February 28, 2020 by Jason Contant
Some insurers are specifically allocating internal resources to address silent cyber, while others are outsourcing it, speakers noted recently at NetDiligence’s Cyber Risk Summit in Toronto Feb. 21.
Melinda Parker Thompson, an underwriting specialist with Allianz Global Corporate & Specialty (AGCS), told attendees the insurer is specifically looking at silent cyber across its portfolio. “A number of insurers are going that route,” added panellist Alexandre Tsinos, who does treaty reinsurance broking with Aon.
Parker Thompson said AGCS is looking internally at how much it should allocate to silent cyber to “really allocate money to that exposure, starting building that book of business off it.”
If claims do come in and the approximate cause is the cyber as the trigger, “you can now actually see what that’s doing for your portfolio,” Parker Thompson said during the session Non-Affirmative Cyber. “It allows us to get into the reinsurance piece a little bit more confidently and gives us a bit more leverage in those discussions. That’s the phase we’re working towards right now.”
Silent cyber refers to whether cyber coverage could be read into policies where cyber was not specifically excluded.
Tsinos said the level of allocation of silent cyber resources differs by insurer. “Some insurers have the view that they wish to in-source that project as much as possible and a lot of insurers actually… don’t have the capabilities to do it internally, or the resources,” he said. “In a different market cycle, their attention is turned elsewhere in terms of profitability concerns and they choose to outsource that.
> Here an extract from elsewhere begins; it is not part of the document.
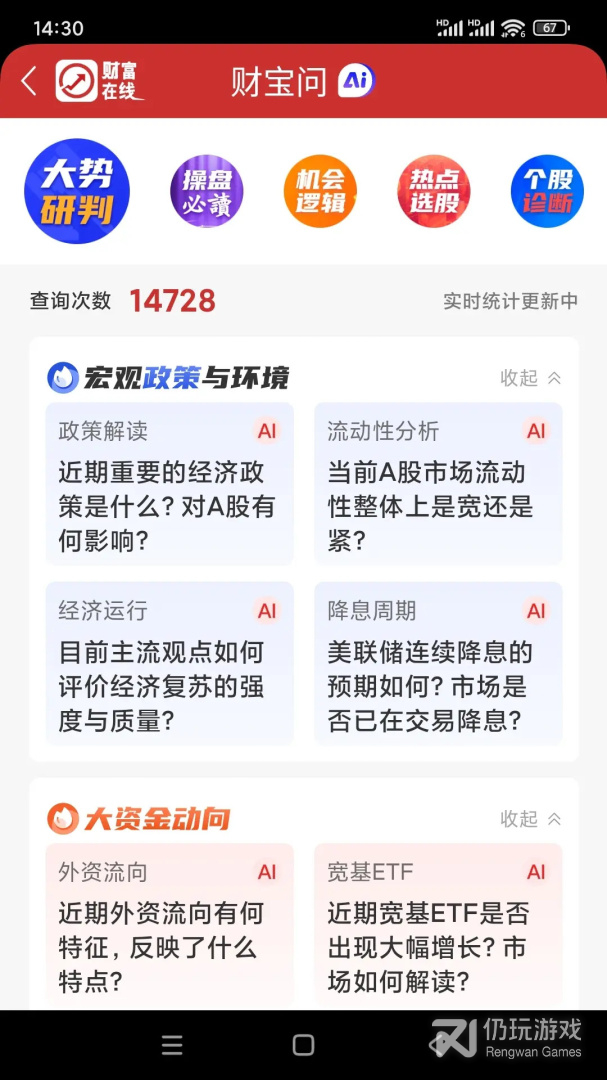 1、新增财宝问AI智能综合体,多维度覆盖大势研判、政策解读、个股诊断等 10+ 细分场景。

It’s not a long-term end game, but there is a way to guide insurers towards an affirmation of cyber across the breadth of their product suite.”
Until insurers reach that level of affirmation across the entire portfolio, there is a silent cyber product available through Lloyd’s capacity in the interim, Tsinos reported. Aon has been discussion in Canada with a few markets’ insurers; it has placed about a half dozen silent cyber products in North America, primarily out of the United States, he added.
“It is there as a stop-gap,” Tsinos said. “The coverage is available. It’s there and it’s effective.”
From a reinsurance standpoint, Tsinos said he hasn’t encountered any difficulty in placing treaties that include silent cyber. He has faced some differences in interpretation by a small number of reinsurers that question whether or not cedents are using exclusionary language and more affirmative language in their contracts. “So far, for the most part, the standard [Insurance Bureau of Canada] language for data exclusion has been sufficient to resolve those subjectivities.”